With ‘The Sovereign Self’, they somehow find the meeting point between all that has gone before – the epics return, but with multiple strands and sections – and a kind of fearless, complex all-out rock that sees them take a flying leap forward.

Close listening reaps all kinds of rewards. For example, one of my favourite tracks, ‘O, Where Is Saint George?’, starts with the chorus chanted above a free-form swell of sound, before the country-rock shuffle of the verses kicks in. But then, when the chorus returns, a ritualistic rhythm pounds beneath it … and finally, the third time, they somehow attach the verses’ loping beat to the chorus, binding the whole shebang together.


Possibly the most thrilling signature touch in the whole album for me comes right near the end, in the rollicking closer ‘I Is Someone Else’. The song rattles along at a terrific clip, with Lavinia B’s vocal line gradually rising a couple of times in each verse until she arrives at one of those ‘release’ notes – that is, the exact pitch you’ve somehow been wanting her to reach. Just before that point, Alex N’s drumming switches for no more than a bar or so to half-speed. The effect is of the band standing back in appreciation of the voice – a split-second inner “Woah!” – before the top note triggers them into picking the pace back up in an instant. A seemingly casual detail that makes the song so much more powerful.


It’s tempting to describe all of the other six tracks as fellow highlights. I could mention ‘The Singing Blood’, which has a sort of halting resolve that puts me in mind of the first Palace Brothers album (what greater compliment?). There’s ‘Killing Time in London Fields’, which uses organ and guitar first to match riffs, then dovetail two hooks within each other, and on top of all that, literally stop the clocks mid-verse. I’ll let you discover the other half of the album for yourself.
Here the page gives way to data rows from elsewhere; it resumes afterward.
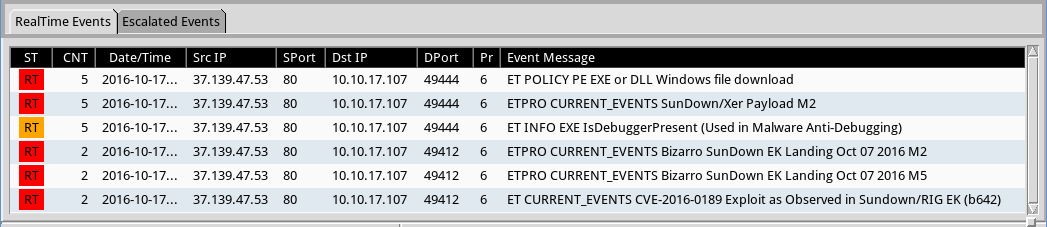 - Aside from the signature hits I got from the ETPRO ruleset indicating this is Sundown EK, I couldn't find anything else related this traffic.
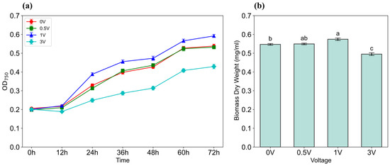Growth curve (n = 3, p < 0.05) (a) and biomass dry weight (b) of N. closterium f. minutissima under direct current (DC) stimulation at different voltages in photobioreactors. Different letters indicate significant differences among treatments. (Note: The horizontal axis of the growth curve here is in hours instead of days.).
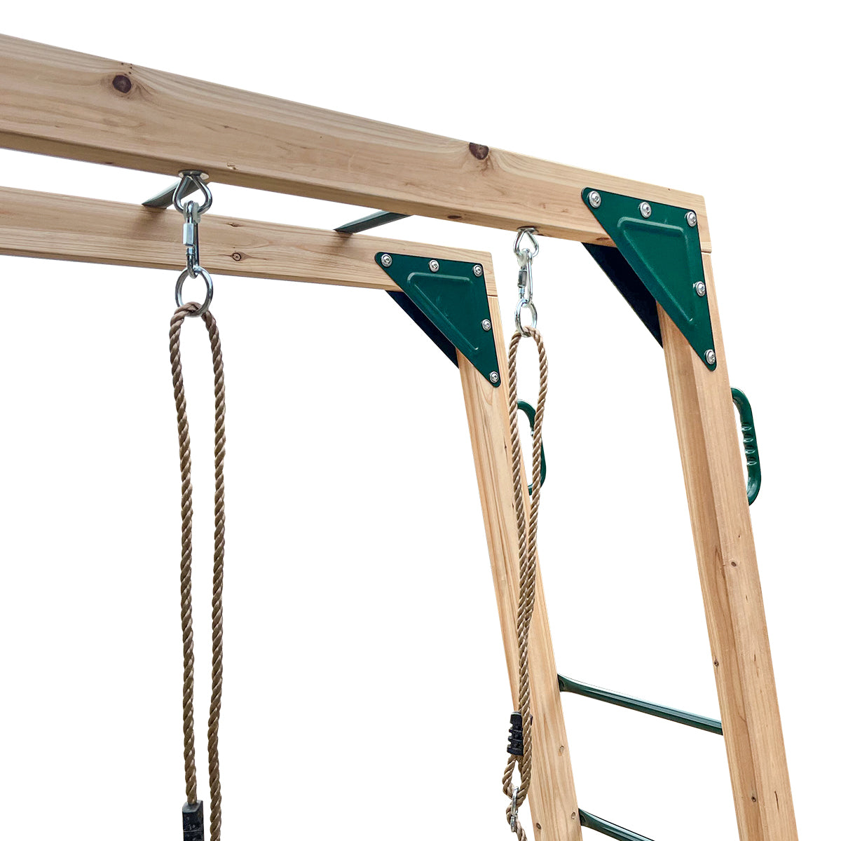 This fun and challenging set of monkey bars and swing set frame allows kids to play to their heart's content.
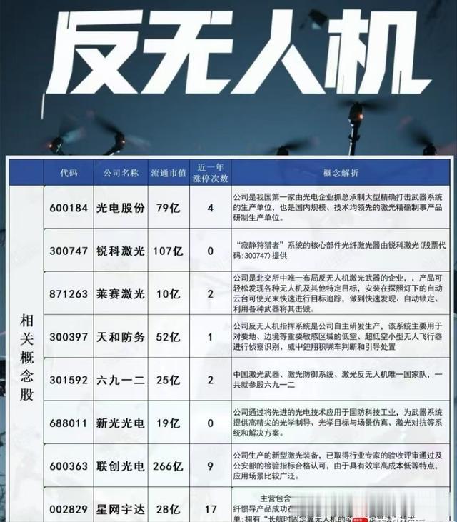 三、反无人机概念股梳理在军事领域,无人机凭借其隐蔽性强、机动性高、成本低等优势,逐渐成为现代战争中的重要作战力量,各类无人机对防空体系构成了极大挑战。

Luckily for me, the band’s latest tour included three London dates. First up was a two-night residency at Café Oto to celebrate the album launch. Some superb guests were lined up across the two evenings, which only goes to show how much the respect Trembling Bells pay towards other artist-influences is returned. Particular high points for me were hearing Alasdair Roberts play a beautiful set on night one, then the following evening to see Martin Carthy – yes, I know – ten feet away in the same spot, holding the audience spellbound.
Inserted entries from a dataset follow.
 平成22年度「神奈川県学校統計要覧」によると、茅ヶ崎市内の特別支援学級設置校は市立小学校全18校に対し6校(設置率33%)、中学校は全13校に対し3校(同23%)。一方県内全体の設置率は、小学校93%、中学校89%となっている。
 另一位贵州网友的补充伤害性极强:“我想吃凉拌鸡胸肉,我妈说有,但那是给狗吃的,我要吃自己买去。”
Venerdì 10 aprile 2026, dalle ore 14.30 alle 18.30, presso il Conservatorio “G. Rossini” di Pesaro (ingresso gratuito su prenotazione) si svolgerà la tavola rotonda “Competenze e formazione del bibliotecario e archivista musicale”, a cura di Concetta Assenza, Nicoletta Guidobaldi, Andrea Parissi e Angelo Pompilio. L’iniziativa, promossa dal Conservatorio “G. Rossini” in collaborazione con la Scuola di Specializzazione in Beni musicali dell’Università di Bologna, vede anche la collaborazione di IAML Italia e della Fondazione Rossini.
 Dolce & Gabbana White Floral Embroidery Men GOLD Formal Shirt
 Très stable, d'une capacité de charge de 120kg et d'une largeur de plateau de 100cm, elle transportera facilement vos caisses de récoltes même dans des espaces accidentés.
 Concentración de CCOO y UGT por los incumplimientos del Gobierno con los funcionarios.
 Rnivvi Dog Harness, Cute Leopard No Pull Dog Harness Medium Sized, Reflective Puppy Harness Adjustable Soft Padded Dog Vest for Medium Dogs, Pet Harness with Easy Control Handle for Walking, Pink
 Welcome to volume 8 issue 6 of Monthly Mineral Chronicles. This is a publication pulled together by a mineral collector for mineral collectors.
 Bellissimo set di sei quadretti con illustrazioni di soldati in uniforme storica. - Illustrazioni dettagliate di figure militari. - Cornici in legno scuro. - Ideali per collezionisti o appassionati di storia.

But the main event – both at the residency and the follow-up gig in 229 The Venue a few weeks later – are unquestionably the Bells themselves. Always playing ‘forward’ – in the set proper, we get just one ‘oldie’, most of the new record and an even younger, spectacular track called ‘The Wide Majestic Aire’ – they harness, replicate then ramp up the controlled chaos into a riotous swirl.



If you like thrilling, thinking music, Trembling Bells are absolutely made for you. Catch them live, then give into that irresistible impulse to buy the album at the merch stand. It’ll be a hardy companion.

PS! While I realise you might need a full-time manservant to keep up with all the band’s activities on your behalf, one extra-curricular release you shouldn’t miss is the special single made for this year’s Record Store Day. The 7” physical copies are still around here and there, but limited – however, both songs are available on download. ‘Hallelujah’ – not that one – is a brilliant and concise hybrid of folk mantra and pop song (ace as it is, you can see why it might not have felt like a natural fit for the album), while the flipside is a soaring cover of George Harrison’s ‘Wah Wah’. Any argument needed for keeping the single alive? – Here it is.